Big Data and Machine Learning

ORDER REPRINTS DOWNLOAD COMMENT DISCUSS SHARE

The current and future big social media data has its own language of expressing opinions and sentiments.

Learning from the brain

Another development in the machine learning area is the development of learning algorithms which are essentially the models of the neocortex. The neocortex is the organ of intelligence in the brain. Some of the learning algorithms developed can faithfully capture how layers of neurons in the neocortex learn. At the heart of this is the Cortical Learning Algorithm (CLA), which is based on the following principles:

Sparse Distributed representations: These are the representation used in the brain. It means that only a sparse or few neurons are active out of the large population and the activation of these distributed neurons is required in order to represent something.
Temporal inference: The algorithm learns by finding patterns and then sequences of patterns. It looks for patterns which occur often together (also known as spatial patterns) and how these spatial patterns occur over time which is called the temporal pattern.
On-line learning: The algorithms learn from each new input. There is no separate learning phase from an inference phase.

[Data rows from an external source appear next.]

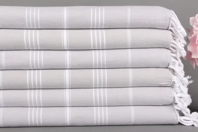 Beach Towel Monogrammed Turkish Organic Cotton Light Gray Stripes, 40x71 Inches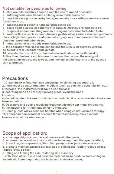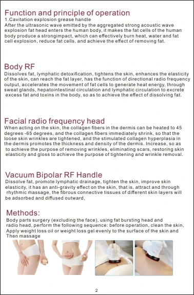 Utilizing gathered strong sound wave explosion fat head of the emitted sound waves 40KHZ into the human body, after it allows the body's fat cells produce a strong impact, can effectively burn calories, moisture and fat cells blasting, fat cells decreased, so as to achieve the effect of the removal of fat.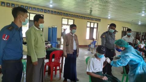 မကွေးတိုင်းဒေသကြီး ၊ ပခုက္ကူခရိုင် ၊ ပေါက်မြို့နယ်၌ မကွေးတိုင်းဒေသကြီးအစိုးရအဖွဲ့မှ ထုတ်ဝေသည့် ကိုဗစ်-၁၉ ရောဂါကာကွယ်ရေးပြည်သူအားလုံးပါဝင်ပေး”ဖန်ခါးမြေ လက်ကမ်း စာစောင် အတွဲ(၁) ၊ အမှတ်(၁) အခမဲ့ဖြန့်ဝေခြင်းကို အောက်တိုဘာလ ၁၈ ရက်နေ့ နံနက်(၉) နာရီအချိန်က အသက်(၁၂)နှစ်နှင့် အထက်ကျောင်း သား/ကျောင်း သူများအား ကိုဗစ်.၁၉ ရောဂါ ကာကွယ် ဆေးထိုးနှံသည့် စုရပ်များဖြစ်သော အ.ထ.က ပေါက် ၊ အ.ထ.ကရေပြာနှင့် အ.ထ.က ချောင်းကူး ကျောင်းများ၌ ကာကွယ်ဆေး လာရောက်ထိုးနှံကြသည့် ကျောင်းသား/ကျောင်း သူများနှင့် မိဘပြည်သူများထံ မြို့နယ်ကိုဗစ်-၁၉ရောဂါထိန်းချုပ်ရေးနှင့် အရေးပေါ်တုန့်ပြန်ရေး ကော်မတီဝင်များ အခမဲ့ဖြန့်ဝေ ဆောင်ရွက်ခဲ့ကြောင်းသိရသည်။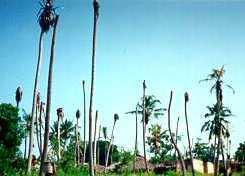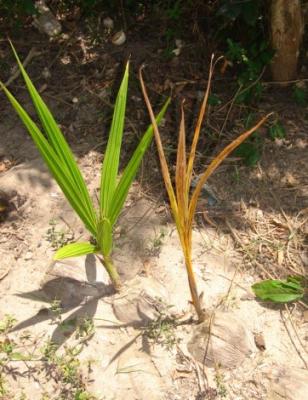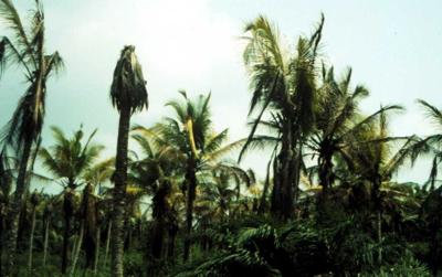 Lethal yellowing disease of coconut palms. Note yellow leaves and a dead palm without leaves.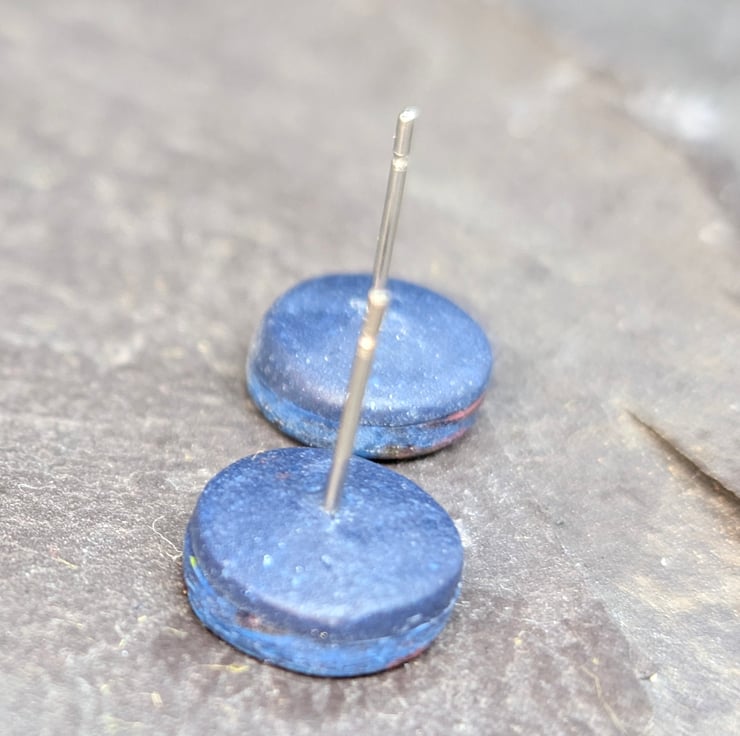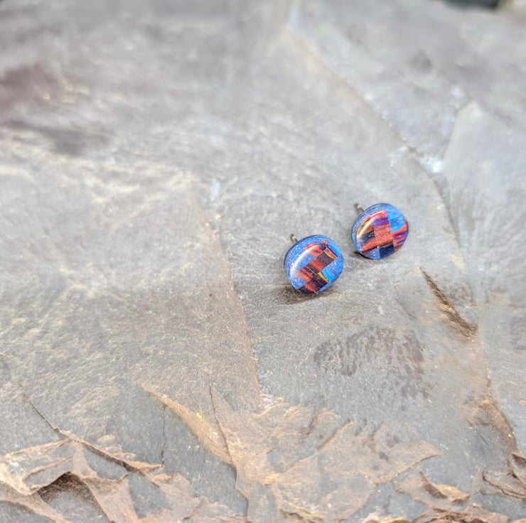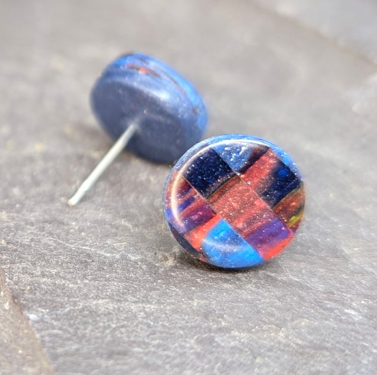 These cosmic feel stud earrings are made from only polymer clay and a stainless steel stud. They have been made using some translucent and opaque clay, carefully cut to give a stepped pattern. They also have a little sparkle within the clay, these studs add a little pop of colour to your outfit.
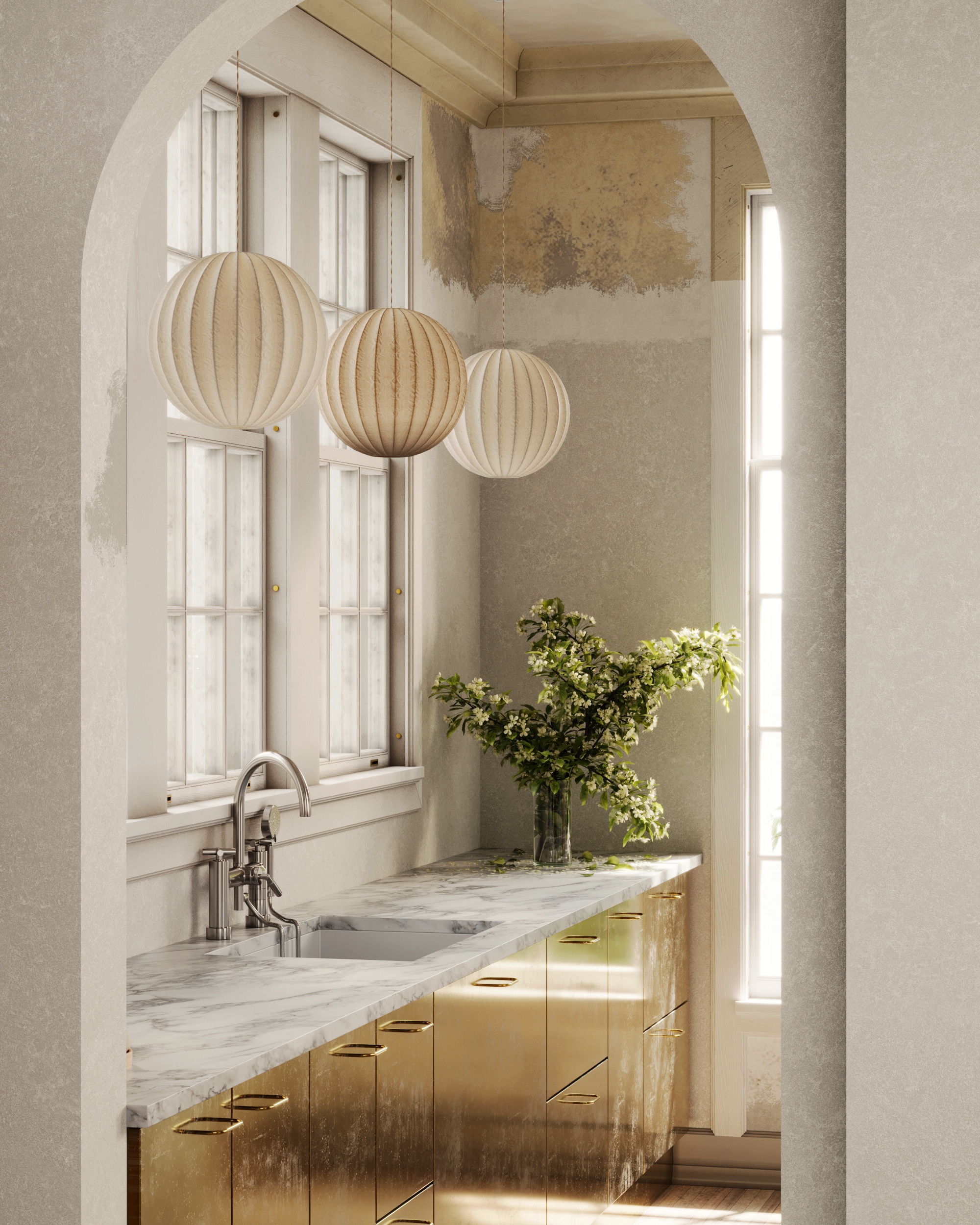 На самом деле - косяк в подоконнике, не обратила внимания, что там геометрия немного не такая, от этого так близко к смесителю и «прилип». В самом особняке смеситель и раковина плюс минус так и располагаются)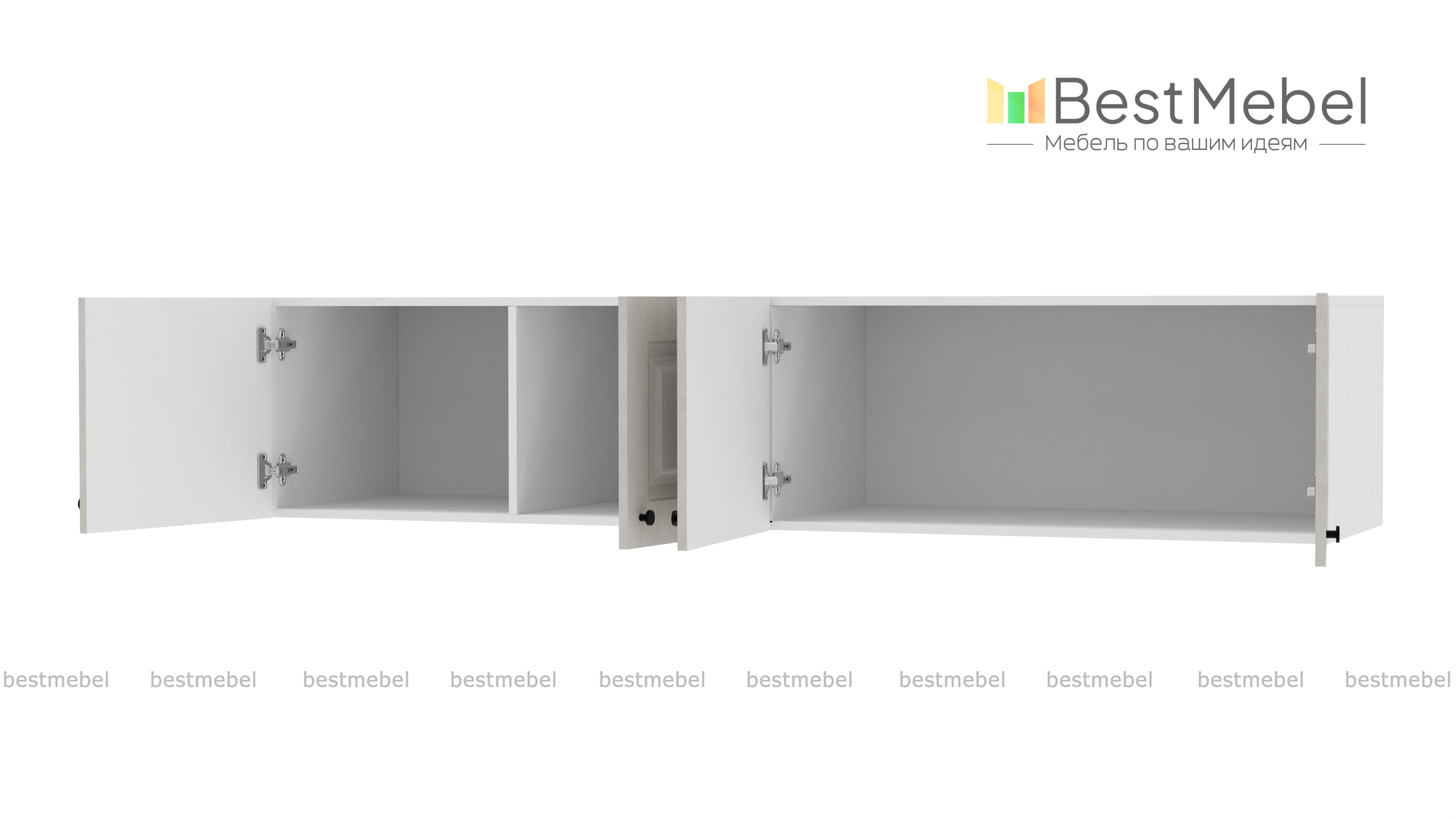 Антресоль Бонн 4 BMS значительно увеличит вместительность вашего четырехдверного шкафа. Благодаря двум распашным отделениям — единому и разделенному перегородкой, вы сможете убрать наверх те вещи, которыми редко пользуетесь. Классический светлый фасад, выполненный из МДФ, украшен рамочной фрезеровкой, дверцы удобно открываются с помощью маленьких круглых ручек. Купить антресоль Бонн 4 BMS приглашаем в наш интернет-магазин с выбором размеров, цвета и фурнитуры.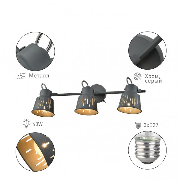 данной категорииМатериал арматурыМеталлМатериал плафоновМеталлНаправление плафоновПоворотноеВид рассеивателяПлафонФорма рассеивателяПосмотреть другие товары
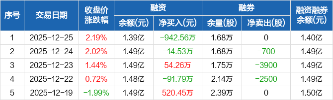 唯捷创芯:融资净偿还942.56万元,融资余额1.39亿元(12-25)

These algorithms are being used to predict future values as well as find anomalies in the data. A real challenge would be to apply algorithms to big data and evaluate their performance. This would answer whether or not a brain model, which works well in case of limited data, can work in accurately classifying big data.

Pre-processing

The current and future big social media data has its own language of expressing opinions and sentiments. This language has to be interpreted first to analyze the orientation of the human sentiment towards a product or service. We expect to see lot of development in the pre-processing of the data so that the input to the machine learning is more correct. For example, “bad” might mean “good” in a certain context (think Michael Jackson).

Deep learning

Another area which is gaining importance is representation learning in which data has to be represented correctly for machine learning. The complexity of Big Data which is due to high dimensionality, large number of classes and their unstructured elements throws a challenge for success of machine learning algorithms. With respect to this, a lot of work is being done in deep learning. Deep learning methods attempt to learn in multiple levels, corresponding to different levels of abstraction. These methods, such as deep belief networks, sparse coding-based methods, convolutional networks, deep Boltzmann machines, and dropout have shown promise as a means of learning invariant representations of data and have already been successfully applied to a variety of tasks in computer vision, audio processing, natural language processing, information retrieval, robotics, drug design and finance.

Cutting the noise

Big data brings along with it noisy data. Take the case of functional magnetic resonance image (fMRI) data which is very high dimensional. Every day the fMRI machines keep scanning the human brains and constantly produce new imaging data. The fMRI images are "noisy" due to technological limitations and possible head motion of the subjects. Analyzing or treating such noisy data is a challenge in the pre-processing step for machine learning. In the area of genomics, experiments are conducted in different laboratories leading to misalignment of data and missing values. Identifying outliers from this data becomes tricky. The treatment of missing values is yet another challenge in the pre-processing step for machine learning.

The field is still maturing

As these challenges illustrate, machine learning as a field is still not mature. Although the research is promising and the use cases are logical, it will take considerable efforts to realize the predictive power of machine learning in the big data domain. Machine learning cannot be simply picked up by researchers and applied in any domain.

For these reasons, a data scientist has never been more important to an organization, and the creation of a data team is an excellent strategy. The proper problem formulation, selection of features, choice of algorithms, choice of the statistics behind the algorithms and the problem have to be decided by an expert in this field—this is not an easy task. Thus these skills are multidisciplinary and they require time, experience, intelligence, and inquisitiveness to develop.